Beginning at the line that contains "As trelas alemãs", reproduce the entries below exactly, ending with the line that contains "Лаконичный и стильный". Omit each picture.

(Records contained in a dataset)
:::

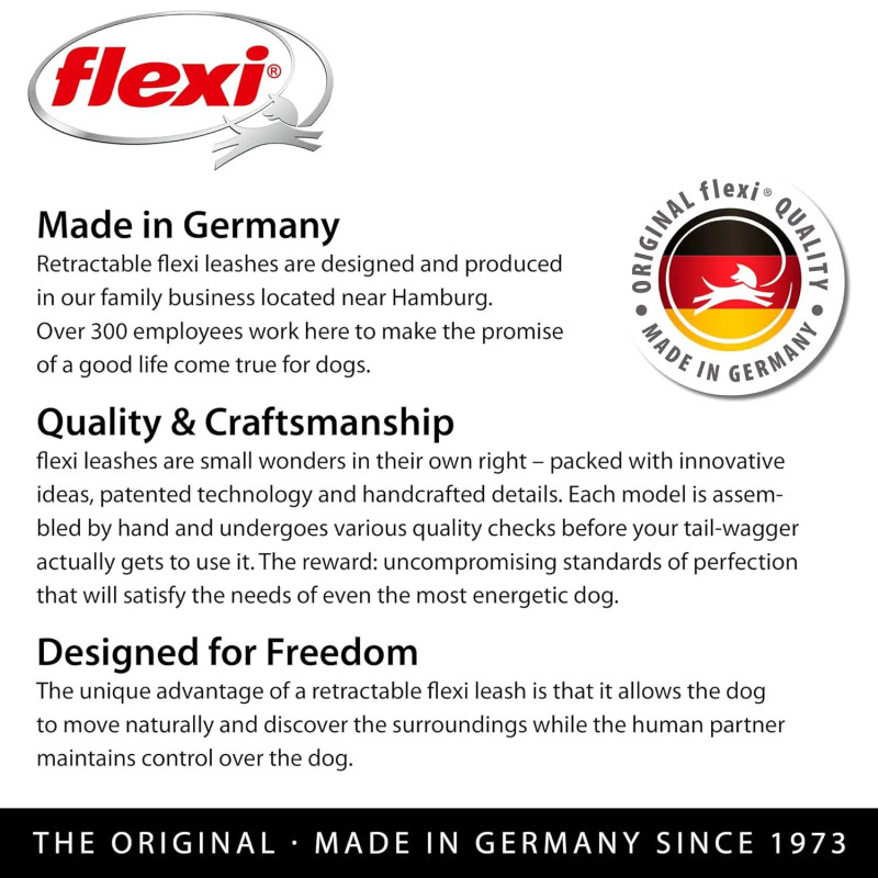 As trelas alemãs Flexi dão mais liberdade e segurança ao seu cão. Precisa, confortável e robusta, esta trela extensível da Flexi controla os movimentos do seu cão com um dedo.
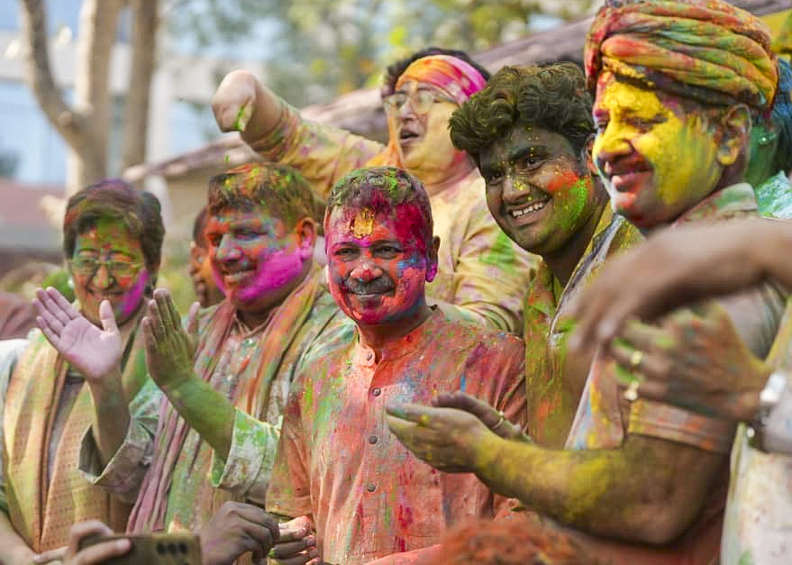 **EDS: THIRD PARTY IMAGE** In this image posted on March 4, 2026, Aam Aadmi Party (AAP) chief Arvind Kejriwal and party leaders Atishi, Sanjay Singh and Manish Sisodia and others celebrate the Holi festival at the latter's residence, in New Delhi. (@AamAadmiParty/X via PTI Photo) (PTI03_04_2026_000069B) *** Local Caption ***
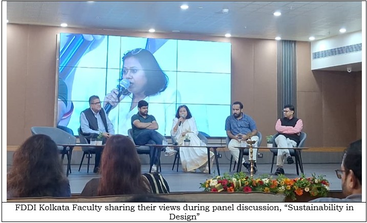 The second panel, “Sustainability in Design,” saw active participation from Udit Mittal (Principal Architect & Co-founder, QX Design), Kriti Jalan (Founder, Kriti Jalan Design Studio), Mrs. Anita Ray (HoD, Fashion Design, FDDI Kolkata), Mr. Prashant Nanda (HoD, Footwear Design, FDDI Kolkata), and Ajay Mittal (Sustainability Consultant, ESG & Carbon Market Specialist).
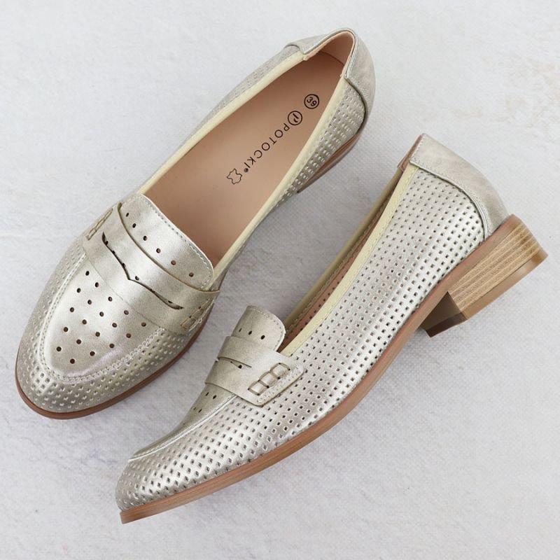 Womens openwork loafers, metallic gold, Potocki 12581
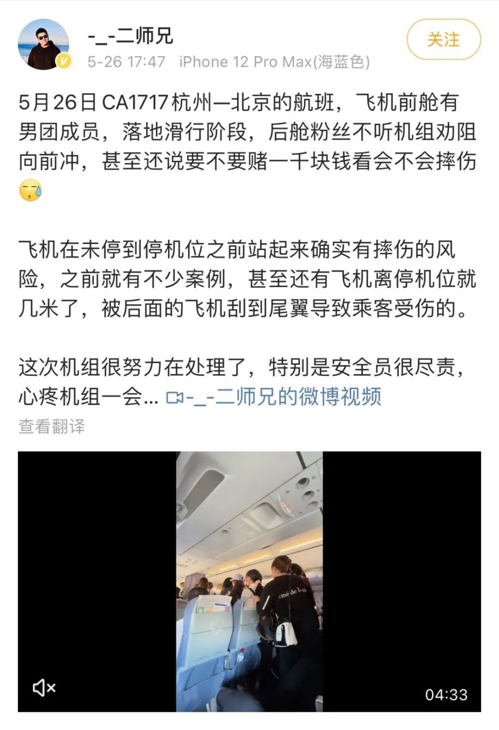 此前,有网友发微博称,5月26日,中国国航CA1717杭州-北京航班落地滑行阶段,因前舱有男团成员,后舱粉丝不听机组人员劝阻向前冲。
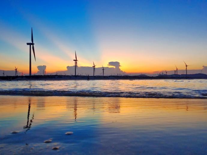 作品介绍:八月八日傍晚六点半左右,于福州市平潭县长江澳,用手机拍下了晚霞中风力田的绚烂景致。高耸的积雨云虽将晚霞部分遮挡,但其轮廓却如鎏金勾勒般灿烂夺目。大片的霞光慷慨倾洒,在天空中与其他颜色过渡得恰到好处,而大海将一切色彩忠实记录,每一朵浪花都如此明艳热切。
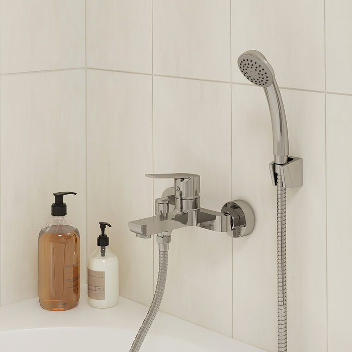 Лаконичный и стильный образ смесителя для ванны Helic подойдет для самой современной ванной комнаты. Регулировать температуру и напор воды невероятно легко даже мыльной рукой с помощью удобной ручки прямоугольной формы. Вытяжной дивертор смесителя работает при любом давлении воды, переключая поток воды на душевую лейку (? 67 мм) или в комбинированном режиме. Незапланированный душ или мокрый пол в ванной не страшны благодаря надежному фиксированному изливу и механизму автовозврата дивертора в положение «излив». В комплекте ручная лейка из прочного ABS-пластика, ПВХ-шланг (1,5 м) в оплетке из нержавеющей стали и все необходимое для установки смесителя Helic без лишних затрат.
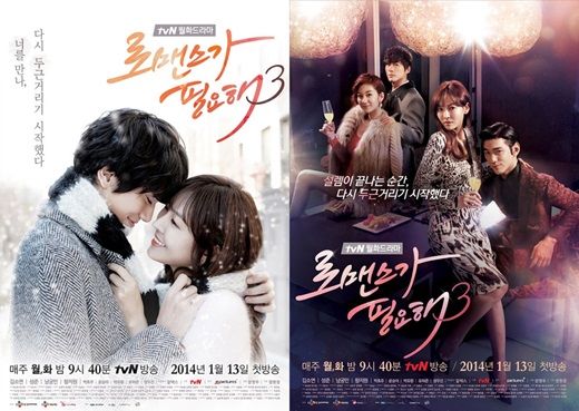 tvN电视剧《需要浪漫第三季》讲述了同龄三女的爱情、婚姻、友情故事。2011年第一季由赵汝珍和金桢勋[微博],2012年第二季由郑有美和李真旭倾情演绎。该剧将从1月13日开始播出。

:::

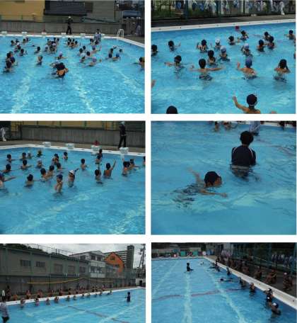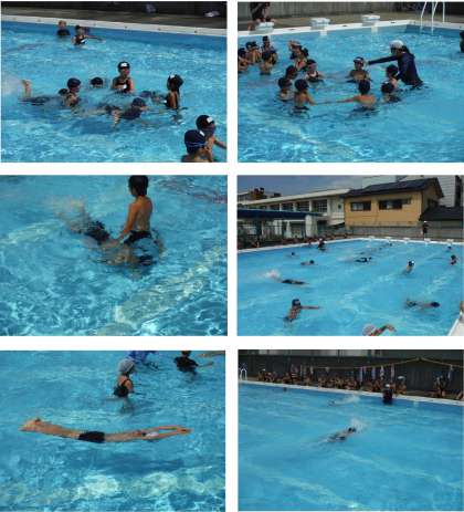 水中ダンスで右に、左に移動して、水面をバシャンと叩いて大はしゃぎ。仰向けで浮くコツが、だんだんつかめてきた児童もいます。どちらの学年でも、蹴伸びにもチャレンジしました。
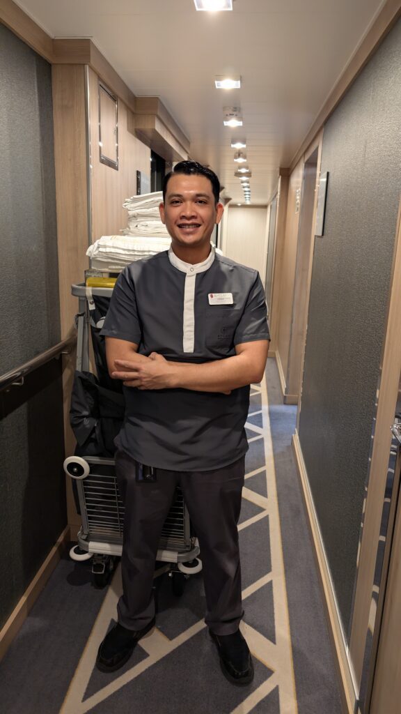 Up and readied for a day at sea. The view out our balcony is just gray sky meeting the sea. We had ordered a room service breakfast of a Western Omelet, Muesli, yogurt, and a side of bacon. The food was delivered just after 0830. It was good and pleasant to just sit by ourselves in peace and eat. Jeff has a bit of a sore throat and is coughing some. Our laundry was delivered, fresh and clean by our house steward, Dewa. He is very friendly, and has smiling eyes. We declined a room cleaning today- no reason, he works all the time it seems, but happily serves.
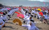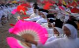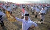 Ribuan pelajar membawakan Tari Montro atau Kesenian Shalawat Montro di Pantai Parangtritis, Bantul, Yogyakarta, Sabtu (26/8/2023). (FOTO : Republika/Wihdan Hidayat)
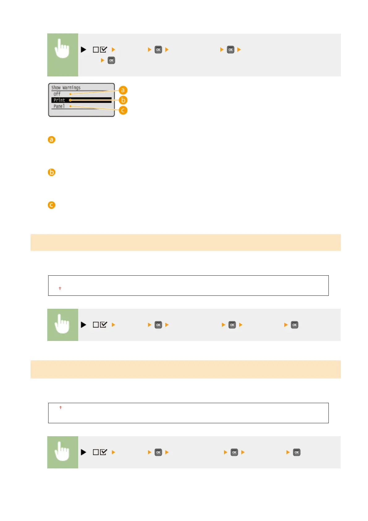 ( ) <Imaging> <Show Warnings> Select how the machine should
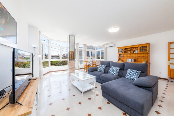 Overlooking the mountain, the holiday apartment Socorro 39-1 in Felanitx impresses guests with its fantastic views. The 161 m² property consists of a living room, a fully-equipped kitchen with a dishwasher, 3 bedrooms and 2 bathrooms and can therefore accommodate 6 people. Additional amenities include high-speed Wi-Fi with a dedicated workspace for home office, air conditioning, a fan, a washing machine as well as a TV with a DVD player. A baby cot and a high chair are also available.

:::

● Answer section:
 As trelas alemãs Flexi dão mais liberdade e segurança ao seu cão. Precisa, confortável e robusta, esta trela extensível da Flexi controla os movimentos do seu cão com um dedo.
 **EDS: THIRD PARTY IMAGE** In this image posted on March 4, 2026, Aam Aadmi Party (AAP) chief Arvind Kejriwal and party leaders Atishi, Sanjay Singh and Manish Sisodia and others celebrate the Holi festival at the latter's residence, in New Delhi. (@AamAadmiParty/X via PTI Photo) (PTI03_04_2026_000069B) *** Local Caption ***
 The second panel, “Sustainability in Design,” saw active participation from Udit Mittal (Principal Architect & Co-founder, QX Design), Kriti Jalan (Founder, Kriti Jalan Design Studio), Mrs. Anita Ray (HoD, Fashion Design, FDDI Kolkata), Mr. Prashant Nanda (HoD, Footwear Design, FDDI Kolkata), and Ajay Mittal (Sustainability Consultant, ESG & Carbon Market Specialist).
 Womens openwork loafers, metallic gold, Potocki 12581
 此前,有网友发微博称,5月26日,中国国航CA1717杭州-北京航班落地滑行阶段,因前舱有男团成员,后舱粉丝不听机组人员劝阻向前冲。
 作品介绍:八月八日傍晚六点半左右,于福州市平潭县长江澳,用手机拍下了晚霞中风力田的绚烂景致。高耸的积雨云虽将晚霞部分遮挡,但其轮廓却如鎏金勾勒般灿烂夺目。大片的霞光慷慨倾洒,在天空中与其他颜色过渡得恰到好处,而大海将一切色彩忠实记录,每一朵浪花都如此明艳热切。
 Лаконичный и стильный образ смесителя для ванны Helic подойдет для самой современной ванной комнаты. Регулировать температуру и напор воды невероятно легко даже мыльной рукой с помощью удобной ручки прямоугольной формы. Вытяжной дивертор смесителя работает при любом давлении воды, переключая поток воды на душевую лейку (? 67 мм) или в комбинированном режиме. Незапланированный душ или мокрый пол в ванной не страшны благодаря надежному фиксированному изливу и механизму автовозврата дивертора в положение «излив». В комплекте ручная лейка из прочного ABS-пластика, ПВХ-шланг (1,5 м) в оплетке из нержавеющей стали и все необходимое для установки смесителя Helic без лишних затрат.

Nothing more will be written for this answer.